Among the alarming data were statistics about sexual assault. In answering the question, “Have you ever been physically forced to have sexual intercourse when you didn’t want to?,” 14% of high school girls replied “yes,” and a total of 18% of girls reported having been “forced to do sexual things when they did not want to” in the last year.

Reading this report resurfaced some conflicted feelings I had regarding the beatification of Isabel Cristina Mrad Campos this past December. Her beatification came after she was found to have been martyred “in defensum castitatis” — in defense of chastity. Isabel Cristina was a 20-year-old aspiring medical student in Juiz de Fora, Brazil, who was murdered in her own apartment by a man delivering a cabinet after she rejected his sexual advances. The autopsy found that she was stabbed 15 times — but not successfully raped.

Blessed Isabel Cristina Mrad Campos
Blessed Isabel Cristina Mrad Campos. Rafael Ogliari/Wikimedia Commons

Sexual violence today

I reflected on Blessed Isabel Cristina’s death and thought of the 18% of high school girls in that CDC report who had been forced into sexual acts. When you consider further that these girls have friends and sisters affected by their experience, it’s clear that sexual violence is familiar to the majority of young girls today — and occurring so early in their young lives, I fear, that it has been formative to their ideas about sexuality. These young girls are listening to the way we — the Church — speak of women like Isabel.

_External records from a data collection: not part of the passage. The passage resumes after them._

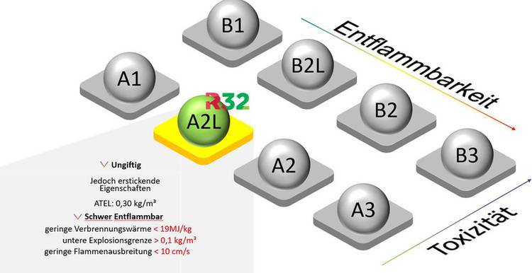 Neben einem geringeren GWP weist R 32 eine rund 20 Prozent höhere volumetrische Kälteleistung gegenüber R 410A sowie eine höhere Effizienz auf.
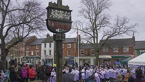 In the quaint English town of Olney, women adorned in matching checkered aprons, headscarves, and colorful running shoes gathered on Tuesday to partake in the time-honored pancake race, a tradition steeped in history and whimsy.
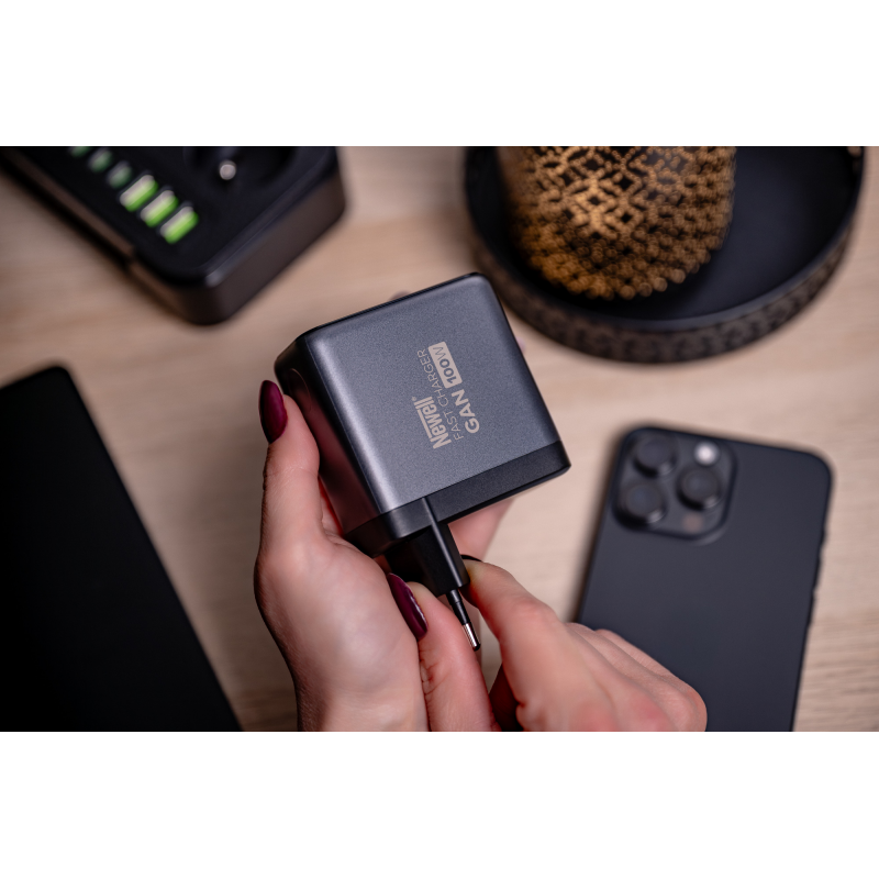Ładowarka sieciowa Newell GaN 100 W TFT - EU korzysta z najnowszej generacji półprzewodników z azotku galu, stosowanych m.in. w technologiach kosmicznych. GaN pozwala na osiągnięcie znacznie wyższej wydajności przy mniejszych stratach energii, co oznacza szybsze ładowanie i niższą temperaturę pracy w porównaniu z tradycyjnymi ładowarkami krzemowymi. Dzięki temu możesz bezpiecznie zasilać nawet wymagające urządzenia, takie jak laptopy, bez obaw o przegrzewanie się sprzętu czy spadki mocy. GaN to nowy standard mobilnego ładowania – kompaktowy, energooszczędny i wyjątkowo skuteczny.
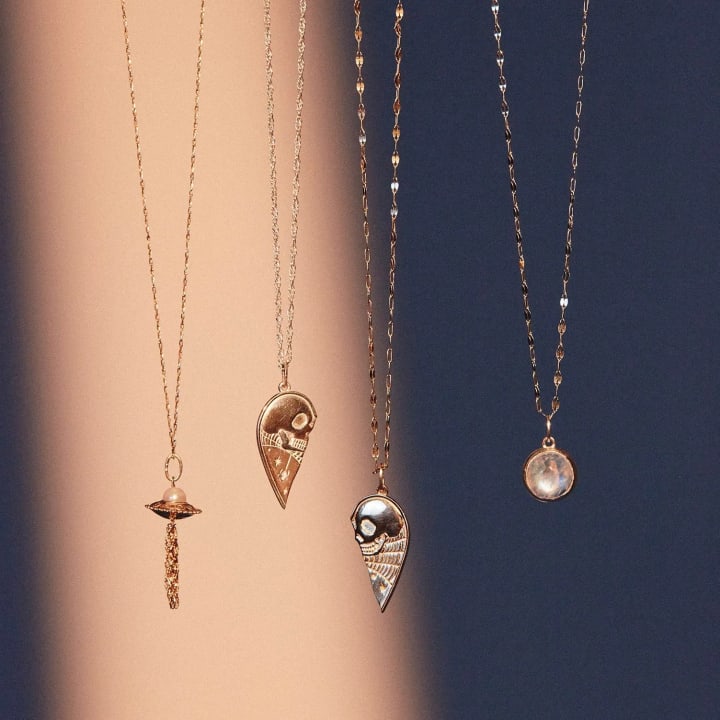Bridgers worked with the jewelry brand to make two small but impactful charms: a small moonstone charm with her lyric “I’d give you the moon,” scrawled in her own handwriting on the back, and a pearl spaceship with tractor beams made of teensy chains.
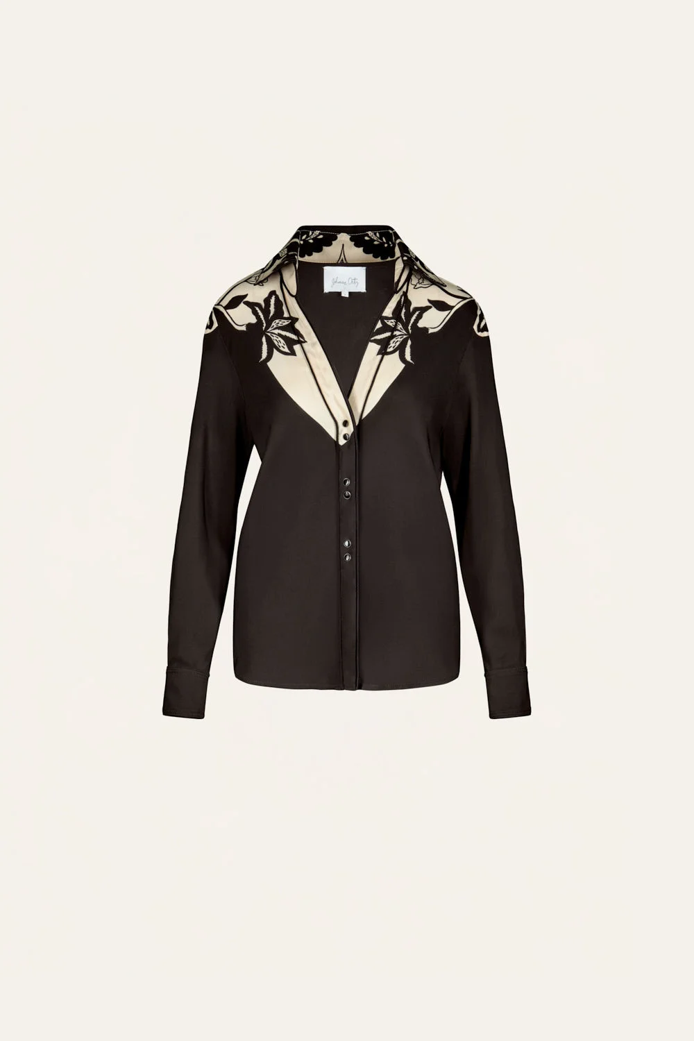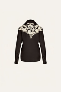 A tailored shirt in heavy crepe featuring contrast detailing at the collar and shoulders. Its clean lines and soft drape make it easy to wear tucked into high-waisted skirts or trousers. Pair it with the matching wrap skirt for a coordinated look, or dress it down with denim. Size and Fit: True to size. Designed for a relaxed fit. Please refer to our size chart for detailed guidance. Product Details: Closure: Front Buttons Composition: 95% Viscose, 5% Elastane Fabrication: Silk Cdc Color: Black/Ecru Made in Colombia

The first impulse of some Catholics when speaking of Blessed Isabel Cristina is to call her “the Maria Goretti of Brazil.” Isabel came from a middle-class family with ambitions to become a pediatrician. Maria was the uneducated child of Italian peasants. These girls have little in common, except that each loved Jesus — and each were killed by men who wanted to rape them. Unfortunately, in that last experience, they are not unique.

Since Maria’s canonization in 1950, at least nine women and girls have been beatified in the Catholic Church as martyrs in defensum castitatis: Blesseds Marie-Clémentine Anuarite Nengapeta, Karolina Kózka, Antonia Messina, Pierina Morosini, Teresa Bracco, Albertina Berkenbrock, Veronica Antal, Anna Kolesárová and now Isabel Cristina. The title of “martyr” is significant because the miracle requirement for beatification is waived if a person is determined to have been a martyr.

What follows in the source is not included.